There's nothing like getting a slap in the face from reality. (I mean the VR we all live in, of course).
I was plugging away trying to get this vision processing to go and it kept throwing up "wrong results". I kept hacking, trying to make the output fit my preconceptions. (Amusingly, this is exactlythe algorithm the vision s/w was trying to implement). It wouldn't fit. More hacking. More "bad output".
Finally I decided to actually measure things with a tapemeasure. Turned out my preconceptions were wrong and the s/w was right. :}
I'd 1/2-remembered the granny flat was 6m x 9m, but it turned out to be only 1/2 the size — 3m x 6m.
Anyway, let's look at the results of the present s/w.
As mentioned before, the idea I'm working on is a "top down" approach — trying to decide whether the scene you have matches your preconception.
There is a lot of info we know beforehand, when analysing the simple scene of a couple of joins near the ceiling. E.g. we assume the ceiling is 2.5m up (yes, I measured that and it's right!), that most corners are square, and the robot is probably close to the ground (in any case, that height can be assumed a priori because we built the robot).

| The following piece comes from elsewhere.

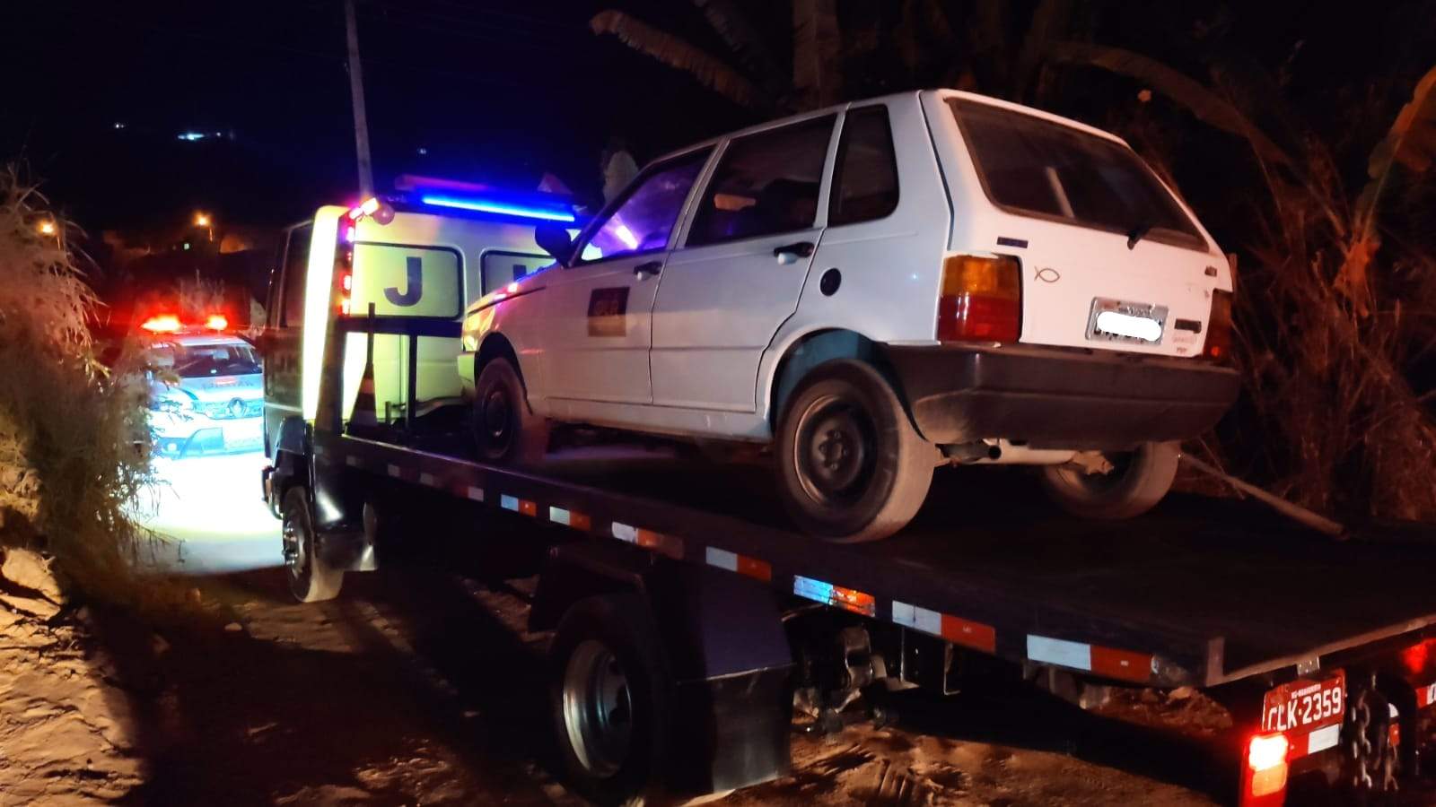 Os autores subtraíram R$ 900,00 e o veículo Fiat Uno da vítima. Após rastreamento o veículo foi localizado abandonado próximo à APAC, sendo este apreendido e removido ao pátio credenciado do Detran.

It's a pity to waste that info and try to directly measure features from the scene assuming almost nothing a priori.
My s/w pans a small camera around and tries to capture the 4 corners of the room. It then internally makes a "wire model" of the room, and adjusts the parameters of length and width, as well as robot position and camera orientation, to decide whether those parameters actually appear to match what it can see in some of the scenes.
(In my granny flat I forced the camera to look at the "fifth corner" of the room, just to see what the s/w would make of it).

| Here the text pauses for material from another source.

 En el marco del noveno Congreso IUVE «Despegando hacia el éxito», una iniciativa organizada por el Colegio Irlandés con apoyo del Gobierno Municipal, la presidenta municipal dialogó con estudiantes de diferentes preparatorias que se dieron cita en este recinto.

So instead of trying to "fit a line" into a bunch of pixels, the top-down approach requires you to come up with a "goodness of match" between the features you expect vs those you actually see. And most "correlation" measures will do, if you have some idea of how to decide whether the correlation is statisticall significant or not.

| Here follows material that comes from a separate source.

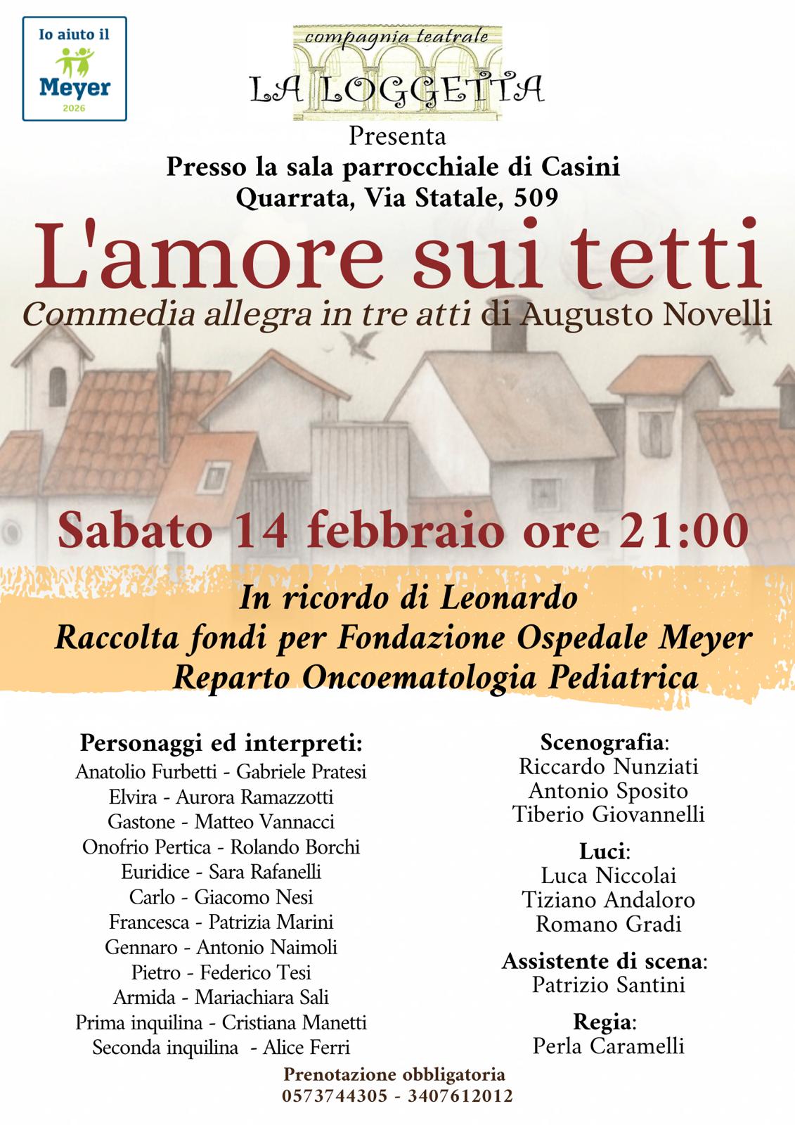 La Compagnia La Loggetta va in scena sabato 14 febbraio 2026 alle ore 21 con lo spettacolo L’amore sui tetti, presso la sala parrocchiale di Casini a Quarrata. Una commedia brillante in tre atti di Augusto Novelli, con la regia di Perla Caramelli.

At first the s/w tried a "smart" approach in its parameter hunt. But it proved too smart and failed. So I went back to trying all possble parameters — e.g. room widths between 1m and 100m and robot positions at 1m gridpoints, and orientations in 10deg increments. Then find the "best fit" in the majority of scenes with a simple correlation between random locations in the model and assumed corresponding position in the scene.
The following are the "best fit" model it came up with. The red lines are hacked in by a badly-written bit of s/w — I am yet to find a proper tool that can insert some text or nice, thick red lines in a jpeg file — to show what features are expected according to the wire-frame model.
Corner 1 (from before):
Processed image with expected ceiling lines added:
Corner 2 (booshelving gives a false position, but is a better match than any other to the gridpoint):
Note the vertical line is about 1 ft in front of where the real wall is. Those damn books!
Corner 3:
It might seem amazing the s/w wasn't fooled by the vertical on the doorway. But we're using the info from all corners, here, so it's effectively filtered out along with all those coloured pixels.
Corner 4:
Again, there were all sorts of verticals in those dangling wires and the bookshelf itself, but they were ignored because we're matching a simple "preconception" to an image, rather than operating from almost-complete ignorance on the single scene.
Finally, Corner 5:
Since the model only has 4 corners, this funny add-on doesn't match very well. But it actually matches well enough to add some certainty to the match.
The actual degree of matching was nearly 80% on 3 of the corners, about 50% on the corner with the bookshelf and clock, and 10% on problematic corner #5.
Without any fiddling, this was the only statistically-significant match at the 80% level, saving any embarrasment on having to choose randomly between >= 2 interpretations (i.e. the robot analogy of an optical illusion
.
The model that produced this match was:
Which matches the actual room and actual robot position to within 10 cm.
The info took the pan on the camera about 20 secs to capture, and the PC about 0.1 sec to process.